C’est la sécurité de se fier à un peuple. Il y a toujours le danger
qu’il y ait un fou, un vrai… oui qu’il y ait un fou qui tente quelque
chose ; mais il y a aussi le Seigneur ! Mais établir un blindage
entre l’évêque et le peuple est une folie, et je préfère cette folie qui consiste
à être dehors (…) Quand on va voir
quelqu’un qu’on aime beaucoup, des amis, qu’on a envie d’échanger, est-ce qu’on
va leur rendre visite dans une caisse de verre ? Non. Je ne pouvais pas
venir voir ce peuple, qui a un si grand cœur, derrière une caisse de verre. En
voiture, quand on est dans les rues, je baisse la vitre pour pouvoir sortir la
main et saluer. Bref, tout ou rien : ou bien on fait un voyage comme il
faut le faire, avec la possibilité de communiquer, ou bien on ne le fait
pas ; la communication à moitié ne fait pas de bien.

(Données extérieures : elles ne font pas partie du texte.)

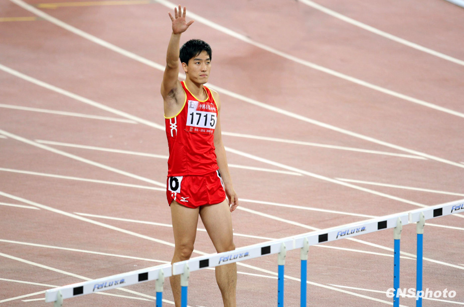 10月24日晚,全運會110米欄預賽在濟南奧體中心舉行,“飛人”劉翔以13秒75成績輕松晉級決賽。來源:中國新聞網
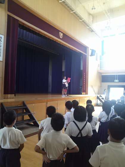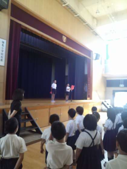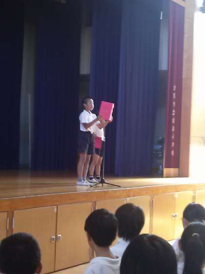 姫島小学校では、毎年終業式の日に各学年の代表の人が作文を読みます。1学期は3年生と6年生です。夏休みに頑張ろうと思うことや2学期の目標についてまとめた作文を読んでくれました。
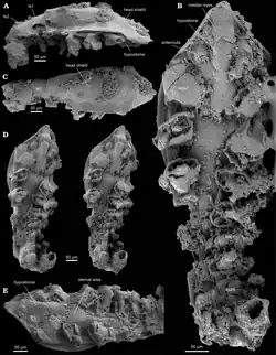 Oelandocaris has a large head shield making up roughly one half of its body length. This head shield is slightly arched, flattening towards the sides (with a slight rise above the mandibles), with a long rostrum at the tip. The back of the shield is straight, but not especially distinct from the first trunk segment. The top of the shield is smooth, with it covering all head segments. Below it, a probable median eye is preserved as a pair of blisters, with a slightly bulged organ leading to the hypostome. This hypostome is rectangular and around half the length of the shield, with the mouth located below its posterior margin and likely overhung by it. This mouth also seems to preserve a membranous “lip”, although this is only seen in the earliest stages. No sternite is preserved on the first segment, although this sternal area may be slightly more sclerotised, with the sternites narrowing towards the posterior which suggests the stomach was likely within the head.[4] Spines protrude from the back corners of the head shield, varying in length from small projections to being very conspicuous.[2] The body is composed of six tergites, the first five with a biramous limb pair and the sixth, posteriormost segment being cylindrical and lacking limbs. These tergites also have spines on the sides of the backwards margin, pointing towards the tail, slowly decreasing in size posteriorly. The tergites are U-shaped in cross-section, with slight overlap between anterior and posterior margins and spines near the back of each. The tail segment is conical and elongated, likely being a telson due to an anal opening being found near its tip. This segment also has a flattened ventral side, with an indentation near the anterior. Oelandocaris is known from seven specimens, all from the Orsten lägerstatte. The original specimen only preserved the body, however more complete specimens including limbs have been found, alongside several being of earlier life stages, with one even being from a stage where the rostrum had not developed yet.[2]
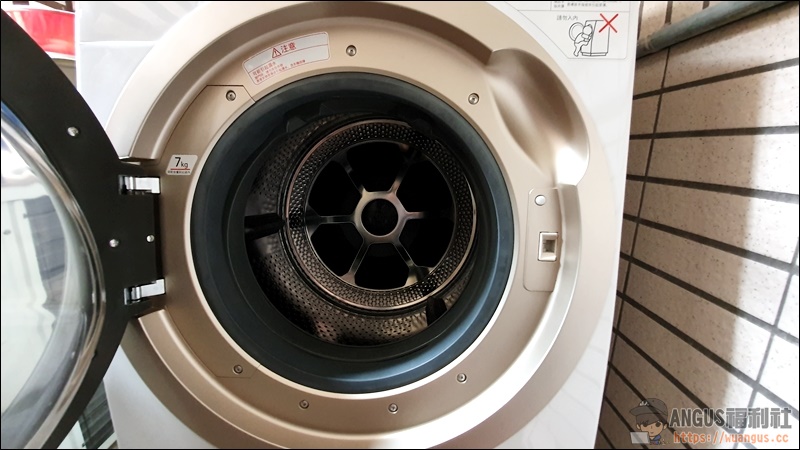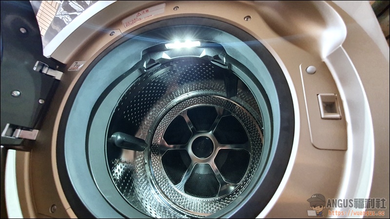 ▼ 打開滾筒式洗衣機時,可以看到產品是採用消光金圓形蓋的設計,同系列也獲得日本 Good Design設計大賞,能夠得到設計大賞感覺也不太意外,因為這樣的高質感產品真的會讓你百看不厭。

Pour moi, la proximité de l’Eglise est fondamentale. L’Eglise est mère
et ni elle ni moi ne connaissons de maman « par correspondance. »
Dieu s’implique, s’immisce dans nos misères, s’approche de nos plaies
et les guérit de ses mains et pour avoir des mains, il s’est fait homme. C’est
un travail de Jésus, un travail personnel. Un homme a commis le péché, un homme
vient le guérir. Proximité. Dieu ne nous sauve pas seulement par un décret, par
une loi ; il nous sauve par la tendresse, les caresses, il nous sauve par
sa vie, donnée pour nous.
Je ne parlerais pas, même pas pour un croyant, de vérité
« absolue », en ce sens qu’est absolu ce qui est détaché, ce qui est
privé de toute relation. Or, la vérité, selon la foi chrétienne, est l’amour de
Dieu pour nous en Jésus-Christ. Donc, la vérité est une relation ! A tel
point que même chacun de nous la saisit, la vérité, et l’exprime à partir de
lui-même : de son histoire et de sa culture, du contexte dans lequel il
vit etc… Cela ne signifie pas que la vérité soit variable et subjective, bien
au contraire. Mais cela signifie qu’elle se donne à nous, toujours et
uniquement, comme un chemin et une vie (…) La vérité de Dieu est
« inépuisable », c’est un océan dont nous apercevons à peine le rivage.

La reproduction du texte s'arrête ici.